_ASSIGNED TASK_:
Write out the whole listing exactly; no images belong in it.

____ DATA EXTRACT

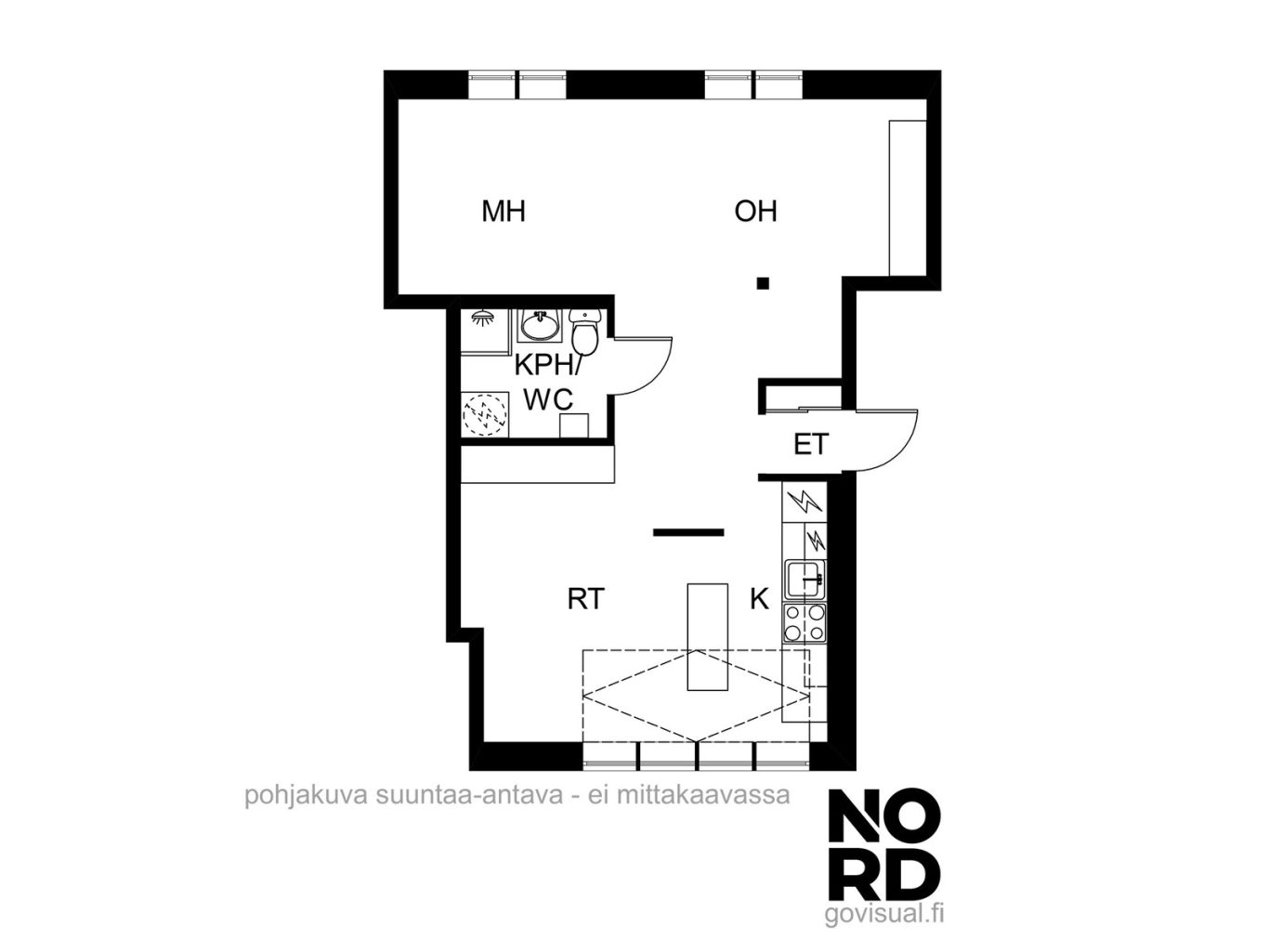 | Huoneistoselitelmä | Oh+mh+k+rt+kph/wc (yj 1h+tk+kh) |
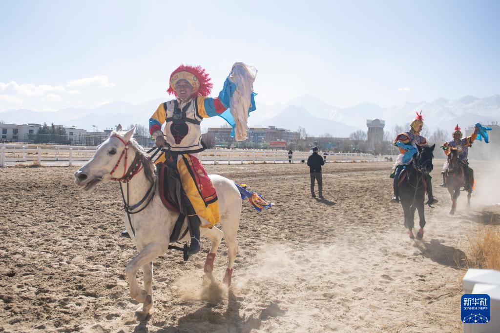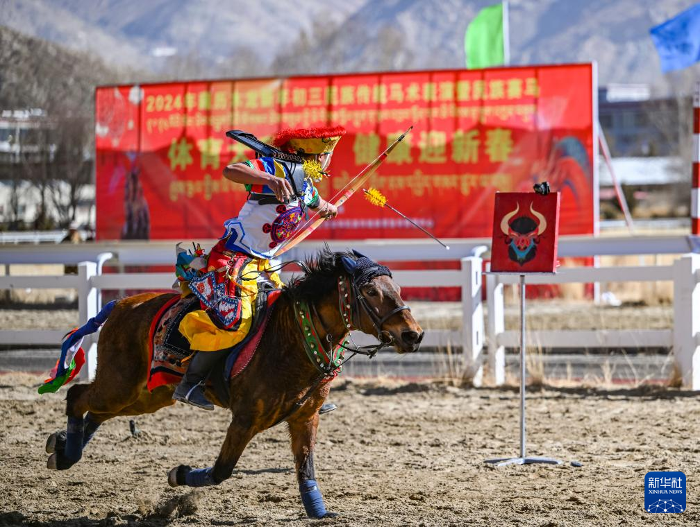 在拉薩賽馬場,騎手表演馬上射箭(2月12日攝)。新華社記者 孫瑞博 攝
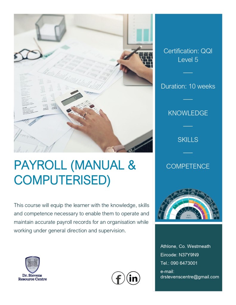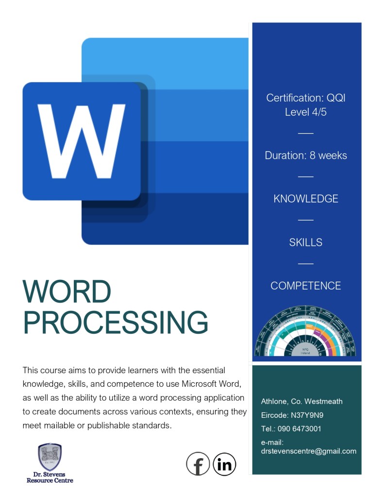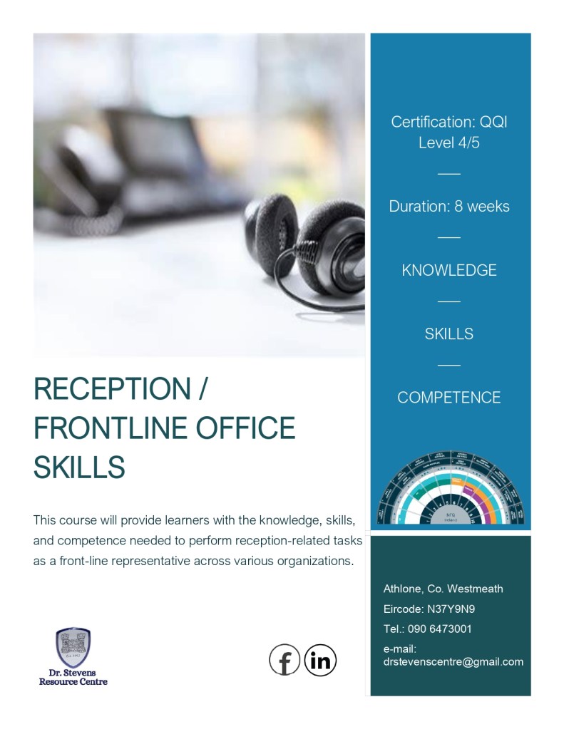 The Dr Stevens Resource Centre Community Employment scheme is designed to help people who are long-term unemployed (or otherwise disadvantaged) to get back to work. Participants are offered the opportunity to train, upskill or develop new skills, through a variety of training programmes run by the Centre. All training through the Centre is delivered within a QQI Quality Assurance framework and can lead to Major Awards on the National Framework of Qualifications. Funding is available for Certified training to assist you in upskilling for future employment prospects while on the CE scheme.
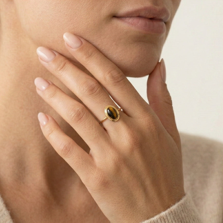 Klasický prsten je vyroben z 14 karátového žlutého zlata kombinovaný s lunetou s oválným broušeným tygřím okem.

________

_RESULT OF THE TASK_:
 | Huoneistoselitelmä | Oh+mh+k+rt+kph/wc (yj 1h+tk+kh) |
 在拉薩賽馬場,騎手表演馬上射箭(2月12日攝)。新華社記者 孫瑞博 攝
 The Dr Stevens Resource Centre Community Employment scheme is designed to help people who are long-term unemployed (or otherwise disadvantaged) to get back to work. Participants are offered the opportunity to train, upskill or develop new skills, through a variety of training programmes run by the Centre. All training through the Centre is delivered within a QQI Quality Assurance framework and can lead to Major Awards on the National Framework of Qualifications. Funding is available for Certified training to assist you in upskilling for future employment prospects while on the CE scheme.
 Klasický prsten je vyroben z 14 karátového žlutého zlata kombinovaný s lunetou s oválným broušeným tygřím okem.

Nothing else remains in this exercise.